While Australia fared better than other countries in terms of mortality rate from COVID-19 and its economic recovery, the pandemic response took a severe toll on the nation.
“People worked beyond normal limits, and many of the public health professionals, frontline community service and health staff, political leaders, health experts and public servants we relied on to get through the pandemic are no longer in their positions,” the report said.
“This poses risks to our resilience to face another crisis.”
What will the CDC do?
The Australian CDC said it is growing in a “phased approach” and has been initially focusing on preparing for public health emergencies, improving the national public health surveillance system, as well as building capability across health security and the links between the health of human health, animal health and the environment.
The first priorities for the agency from January will be “communicable diseases, pandemic preparedness and capabilities in environmental health and occupational health and respiratory diseases”, McAllister said. However, she said the centre could expand into areas such as chronic diseases following an independent review in 2028.

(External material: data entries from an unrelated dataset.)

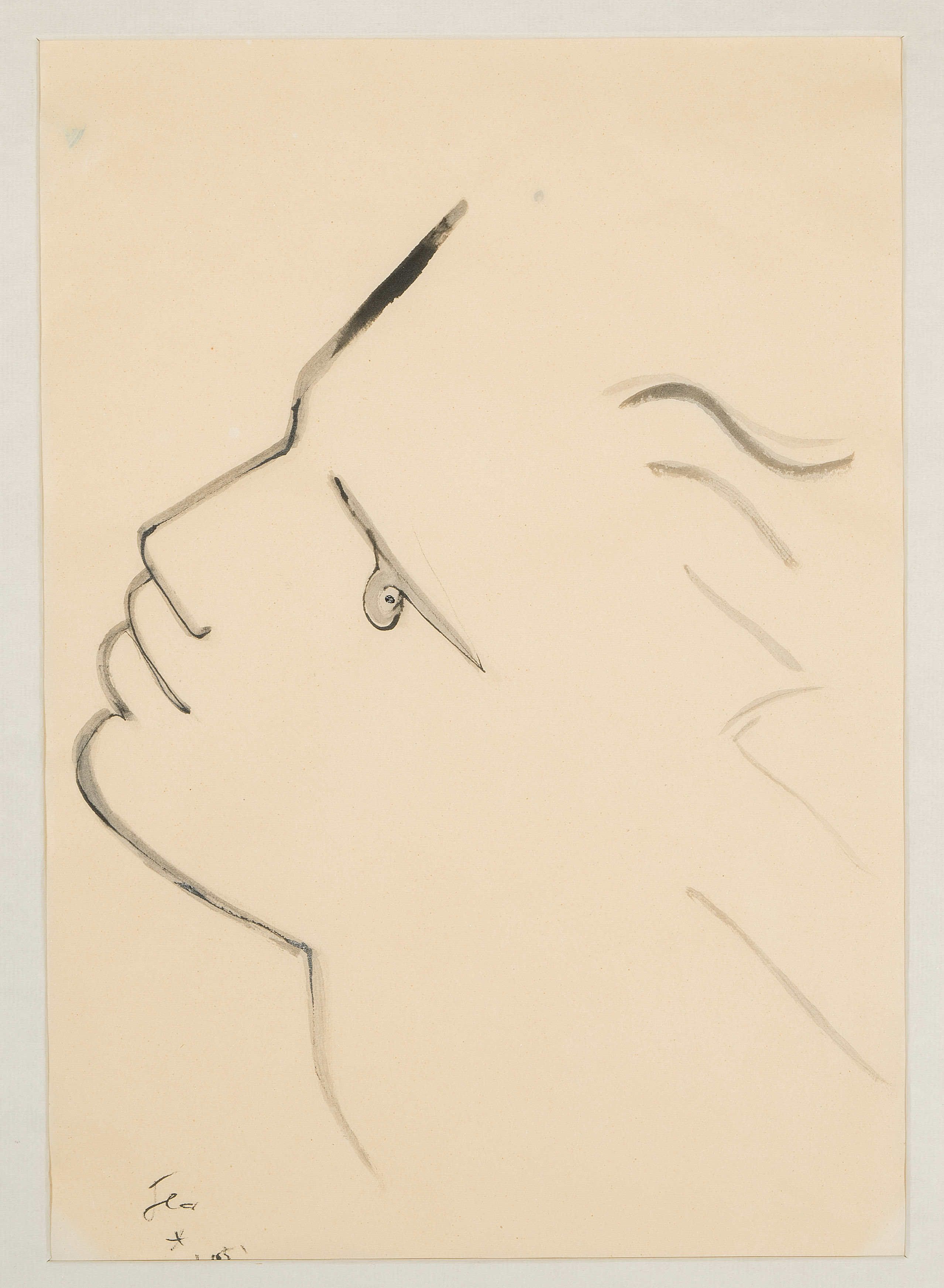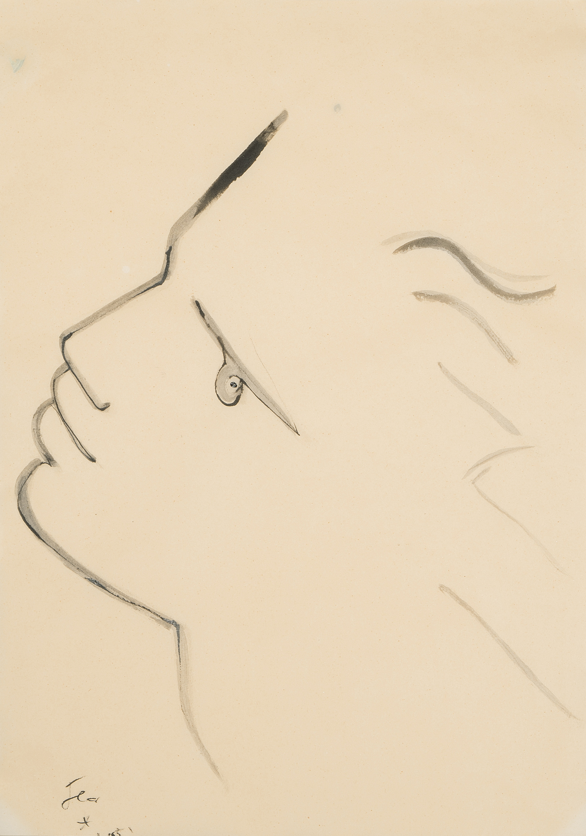 "Profile". 1951. Tusche auf Papier. Unten links signiert und datiert. Blattgrösse 41,9x26,2 cm. Gerahmt. -Blatt leicht gebräunt und leicht fleckig. Hellerer Lichtrand. Wenige Knitter. Linker Rand mit Abrissspuren. Verso in allen Ecken an Passepartout montiert.
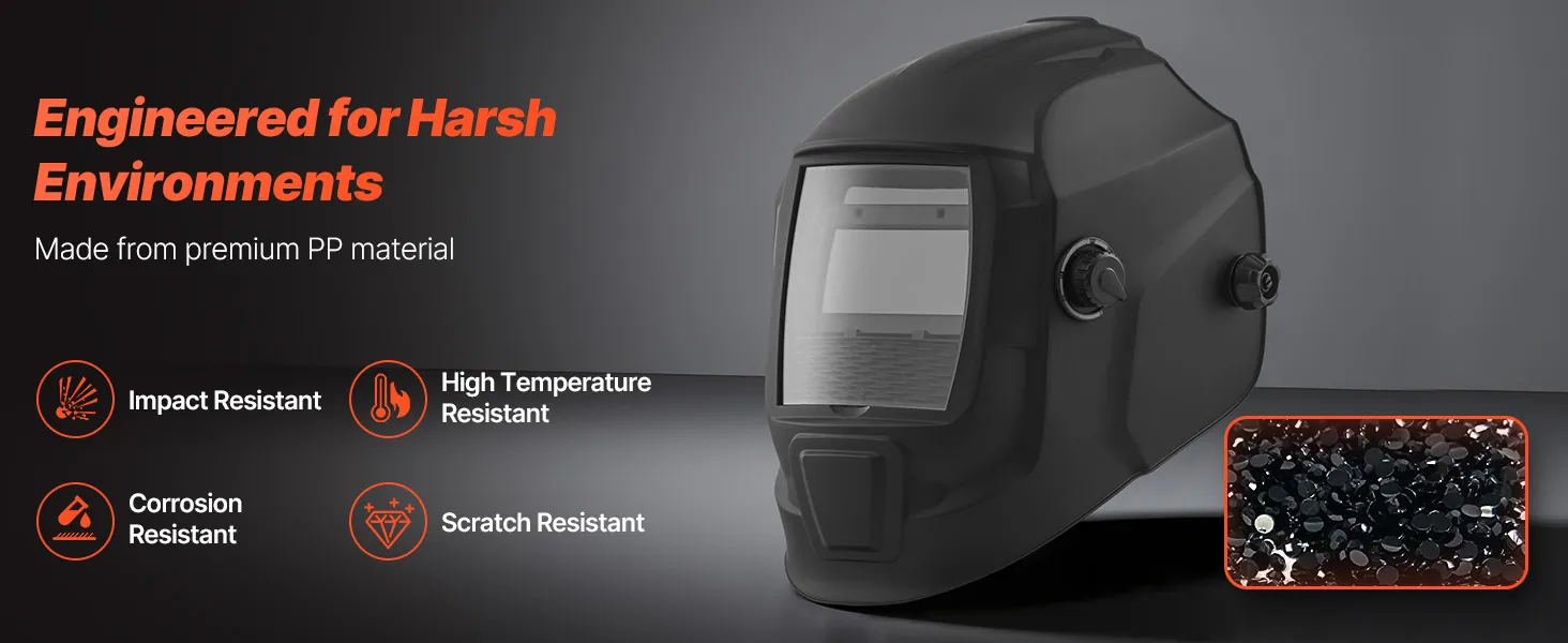 Made of high-quality material, this welding mask delivers exceptional durability with impact and high-temperature resistance. It effectively blocks flying sparks and high-temperature burns to provide reliable protection for your face and eyes.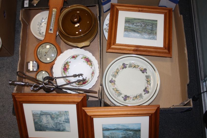 TWO BOXES OF ASSORTED SUNDRIES TO INCLUDE PRINTS, OLD COUNTRY ROSES BOWLS, MODERN WALL BAROMETER ETC.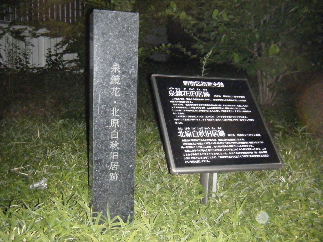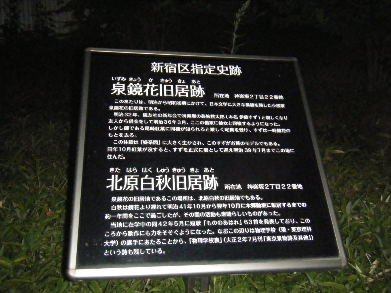 地下鉄飯田橋駅B3出口を出て徒歩1分ほど、神楽坂の1本南側の通り沿いに泉鏡花旧居跡 北原白秋旧居跡はあります。泉鏡花は明治時代から昭和にかけて活躍した小説家で、北原白秋は同じ時代に活躍した詩人です。2人がこの地に住んでいた時期は重なっておらず、偶然の一致のようですね。それにしても同じ時代に活躍した偉人が数年違いで全く同じ場所に住んでいたというのはなかなか面白い歴史ですね。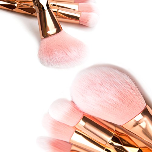 Makeup Brushes Set Rose Gold Tilted Cornered Handle 7pcs Women Essential Cosmetic Kit Blending Blush Foundation Contour Concealer Eyeliner...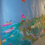el mural amb un aire modernista, suggerint als alumnes que dibuixessin la ciutat de la costa amb edificis i cases amb elements arquitectònics típics d’aquest estil.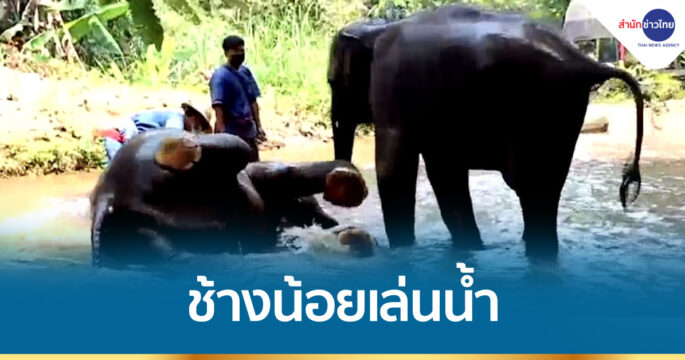 ช้างน้อยเล่นน้ำรับสงกรานต์ สุดน่ารัก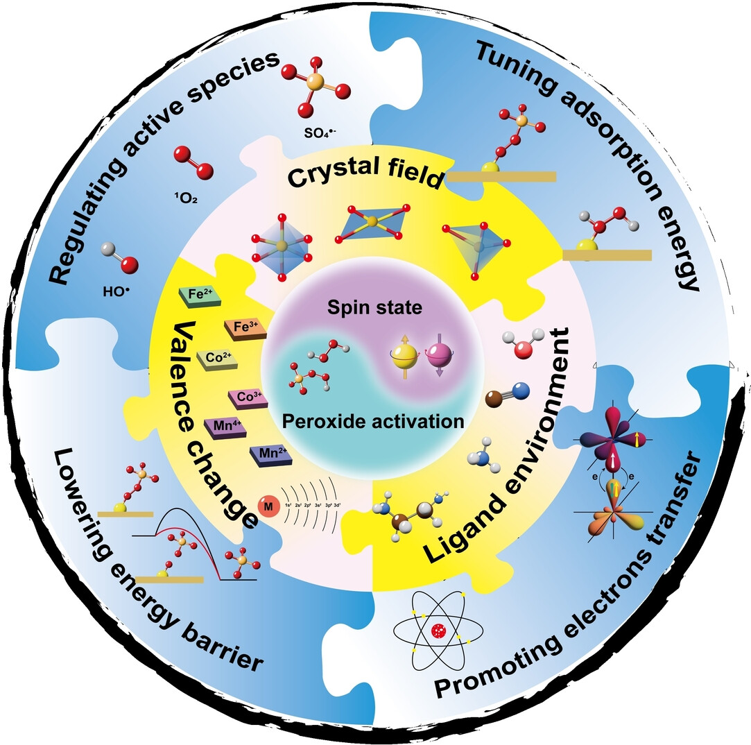 此外,課題組在Angewandte上系統(tǒng)綜述了高級氧化過程中的過氧化物活化調控機制,探討了通過晶場調控、配體工程與價態(tài)設計等手段調控活化材料自旋態(tài)策略,實現(xiàn)過氧化物高效活化(Angew. Chem. Int. Ed. 2025, 64, e202500791)。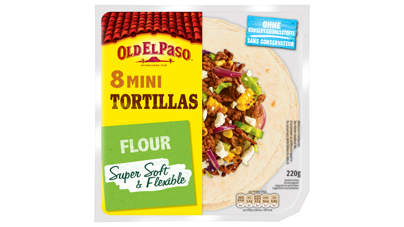 - 8 tortillas Old El Paso™ Mini Super Soft Flour, chauffées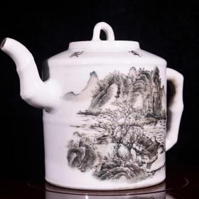 大清光绪浅绛彩墨彩粉彩山水纹酒壶茶壶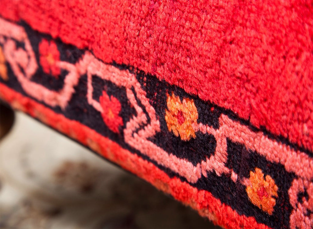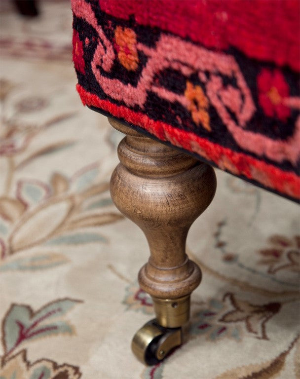 Bench is covered with a regular wine color oriental carpet which is an antique. It is one of a kind. Short wood legs with castors. Light wood finish. Made in the United States circa 1980. Condition: Excellent. 16.5"H x 35"W x 22"D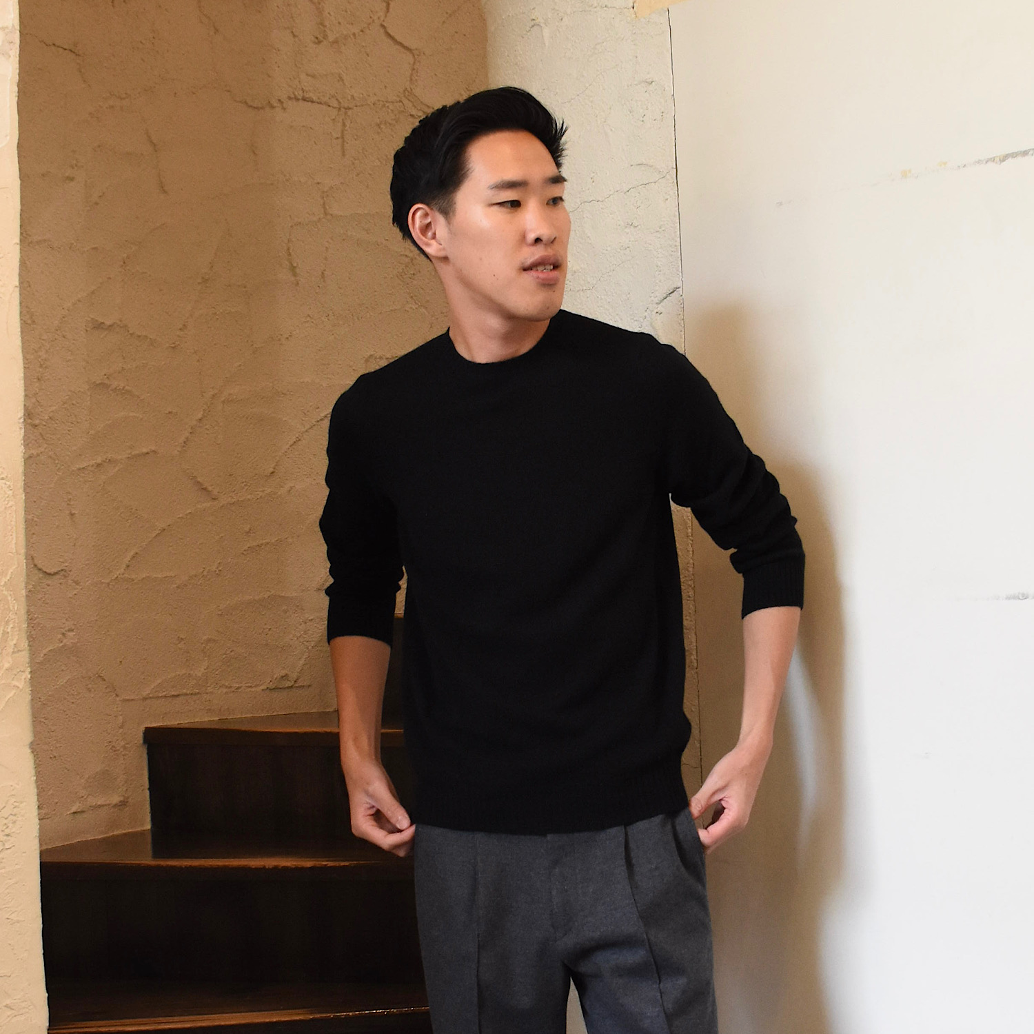 ・ニットの名門「FEDELI (フェデリ)」が使うカシミアはカシミアの中でも純度が高いものに限られており、そのカシミアから自社で糸を作り美しく編み上げた一着。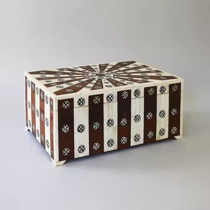 Cajas de almacenamiento duraderas y cajas de embalaje de joyería con incrustaciones de hueso, diseños ecológicos para almacenamiento de joyas y relojes.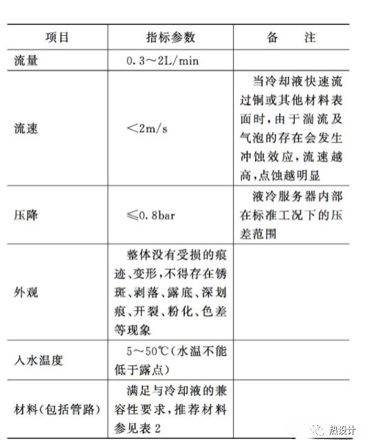 冷板的設計需要考慮可維護性,對于內存等易維護部件,建議做到免工具維護冷板的對外管路接頭為快速接頭,不同的液冷系統,可選擇盲插接頭和非盲插接頭。冷板指標要求見下圖: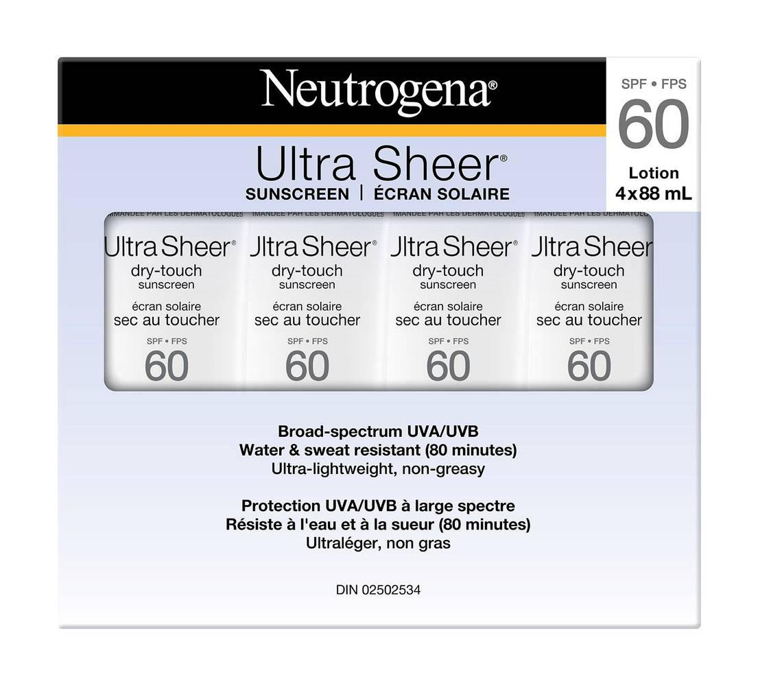 Neutrogena Ultra Sheer Dry Touch Sunscreen Spf 60 (4 x 88 ml)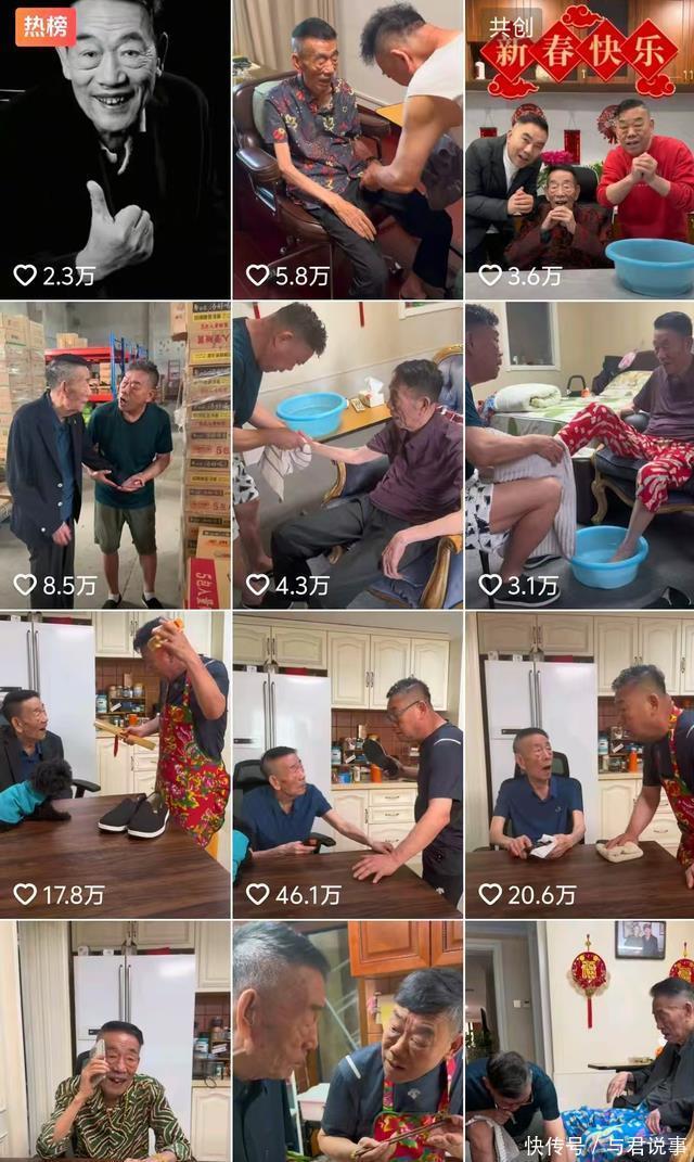 翻杨少华晚年视频,心酸场景不少。牙掉光的他被塞干果,酸饮料呛得皱眉,还要配合儿子拍“杨爷爷快乐生活”。
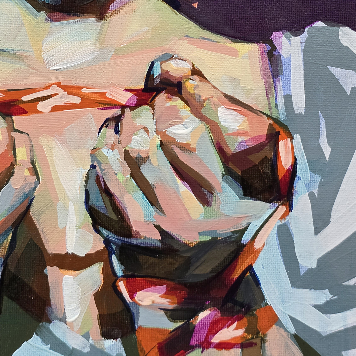 It’s a small, square work, but it carries a strong vibration. If you’re drawn to the human figure and the quiet stories within a single gesture, maybe this painting is for you too.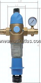 Kombinierte Station zur Druckregelung und Filtration (DVGW bauteilgeprüft) von Trink- und Betriebswasser sowie von chemiekalienfreiem Kühlwasser von Durchlaufkühlungen (kein Kreislaufwasser). Schützt die Rohrleitungen und die daran angeschlossenen Systemteile vor Funktionsstörungen und Korrosionsschäden durch im Wasser mitgeführte Fremdpartikel wie Rostteilchen, Späne, Sand, Hanf etc. Die Reinigung des Filterelements erfolgt durch manuelles Rückspülen (Ausspülen der Schmutzpartikel) in regelmäßigen Intervallen. Der ausgespülte Schmutz und das Spülwasser kann über einen Schlauch oder ein HT-Rohr abgeleitet werden.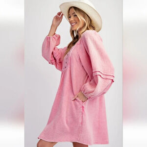 Easel Mineral Washed Cotton Gauze Babydoll Dress Long Sleeve Pink New

While she said the agency is essential, independent MP Dr Monique Ryan has criticised the bill establishing the centre for failing to immediately address chronic illnesses. “Nine out of 10 deaths in Australia are related to chronic illnesses like cancer, diabetes, cardiovascular disease but the CDC that we’re proposing to set up right now won’t deal with those until after 2028 at best,” she said. Griffin said that while the agency is in its earliest days, it is reasonable that chronic illnesses may not be included from the outset but said they will need to be incorporated into the agency’s operations. “I think integrating the management of chronic disease given its role in risk for infectious diseases and its impact on the population more broadly would be really important.”